Student Perceptions
Perceptions vary from person to person, revealing the different levels of experience that people have. From opinions about people to countries we see the use of stereotypes. With its global reach it is easy to see how perceptions of the USA dominate conversations about nations. However, all too readily people who have never lived in a given country, and revert to stereotypical analyses of that nation. The Brits drink tea, the Germans are good at making cars.etc, etc. Of course the USA looms large on the horizon of stereotypes.
What might an outsider see in the USA? Well they might see hamburgers eaten in chrome diners by large people digesting them, who consequently drive large automobiles; the nation that developed guns as fashion accessories; or might we see beautiful people, brashness, sun-shine, surf, beaches, Baywatch, Hollywood. So much of these preconceptions are derived from Hollywood. The outsider sees the USA through the shop window, not realizing that shop windows are deceptive to mind's eye.

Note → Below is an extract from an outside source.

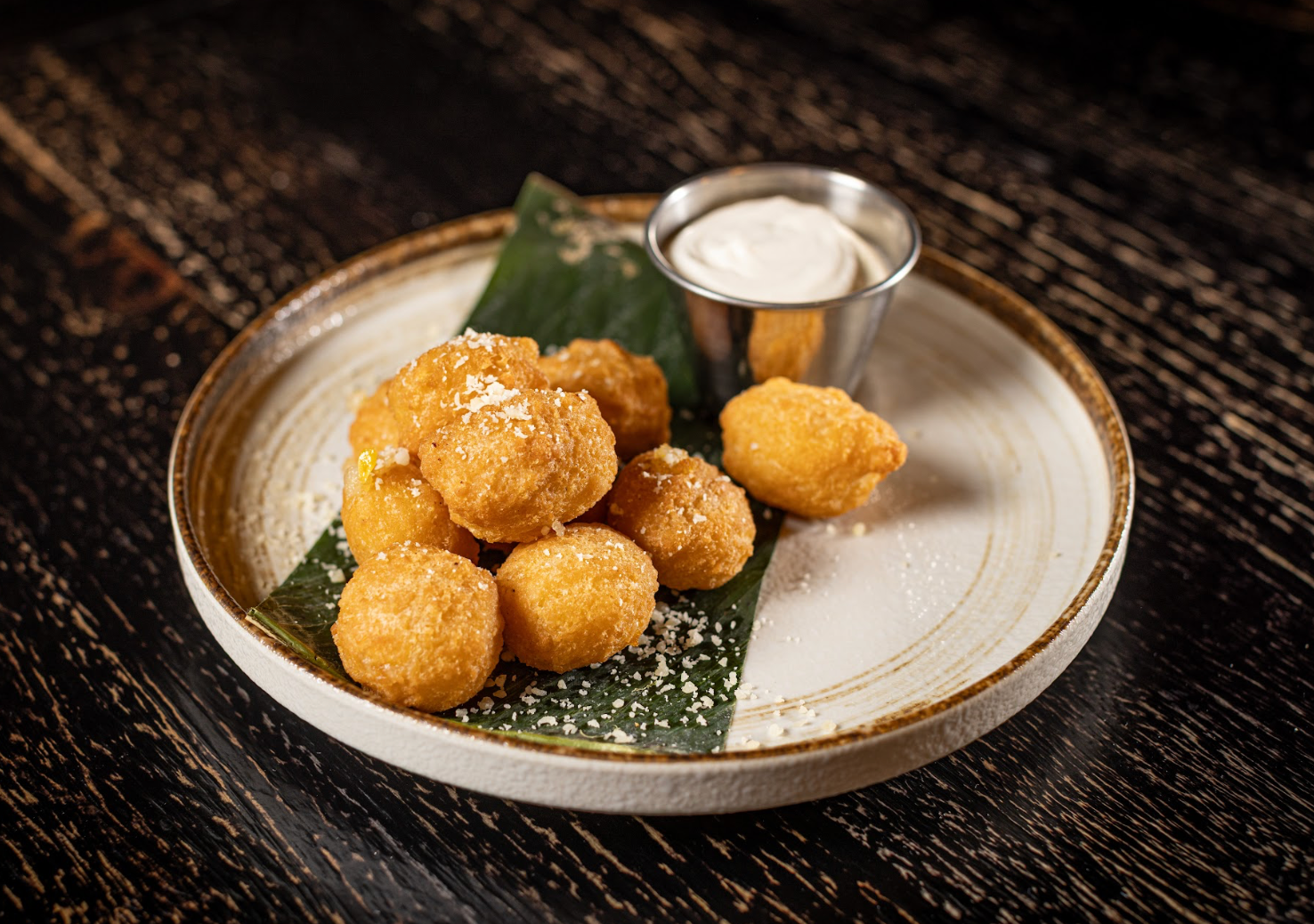 Sweet corn fritters, parmesan cheese, crema fresca

In the late summer of 200 I embarked upon my voyage to the USA, to participate in an exchange to Washington College, a small liberal arts college situated on the eastern shore of Maryland [pronounced "Merryland", as I was shortly to find out]. Aside from luggage I was equipped with the pre-conceptual baggage of what I would find in the USA, in particular at my intended destination of small-town America. The dreaded vision loomed high on the horizon of locals dressed in lumberjack shirts driving around town in their 4x4 pick-up trucks complete with dog and shotgun in the rear. And of the school/college/uni itself, well the vision of a socially liberal institution promising social emancipation and glamour, especially for a Brit armed with a British accent.

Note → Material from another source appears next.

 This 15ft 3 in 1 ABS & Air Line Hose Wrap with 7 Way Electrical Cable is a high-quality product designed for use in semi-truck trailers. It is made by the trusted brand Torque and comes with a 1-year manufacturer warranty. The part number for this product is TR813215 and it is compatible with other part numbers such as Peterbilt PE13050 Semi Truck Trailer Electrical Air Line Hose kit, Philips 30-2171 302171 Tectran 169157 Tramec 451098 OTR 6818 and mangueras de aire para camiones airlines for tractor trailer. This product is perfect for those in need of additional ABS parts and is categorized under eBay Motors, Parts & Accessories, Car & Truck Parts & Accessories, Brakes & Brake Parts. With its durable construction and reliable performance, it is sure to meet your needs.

I'll have a vodka martini, shaken but not stirred.
James Bond 007
Reality is a sharp check to dangerous illusions. True I did meet the locals, but even so they formed a minority where I was based. On the whole the local population presented themselves as very friendly. With reference to the college students, they in reality presented ordinary faces, and people. They did not all resemble movie stars such as Julia Roberts and Tom Cruise, nor did they all drive massive mobile metropolises. Some people actually did walk, albeit only a few for herein the pre-conceived stereotypes can be discerned and I am sad to say Americans are most easily inclined to drive down the street rather than to walk.

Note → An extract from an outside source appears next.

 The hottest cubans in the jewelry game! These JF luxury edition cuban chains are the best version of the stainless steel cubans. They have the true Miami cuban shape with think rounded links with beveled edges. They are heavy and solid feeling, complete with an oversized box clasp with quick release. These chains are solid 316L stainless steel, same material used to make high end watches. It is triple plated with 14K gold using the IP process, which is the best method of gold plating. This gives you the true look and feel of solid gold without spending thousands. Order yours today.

The reality of living in the USA did allow me, an outsider, to categorize the society which I had entered, in effect creating new stereotypes, but ones based on true experiences. Truth - not everybody in the USA is fat or model-esque, but it is remarkable to note that the extremities of physical appearance were more prominent than say in comparison to the UK. Americans have a definitive smile, the wide open confident grin blinding onlookers with flashes of white glowing teeth. Thus the reality posed a picture of contrasts.
However, the fundamental bottom line to a visitor from the UK, that all too often it was easy to forget that I was in the USA. There was something familiar, although much of the pre-conceived assumptions were upon arrival blown out of the water. However, differences they were, and these were only noticeable beneath the surface, hidden away from the outsider.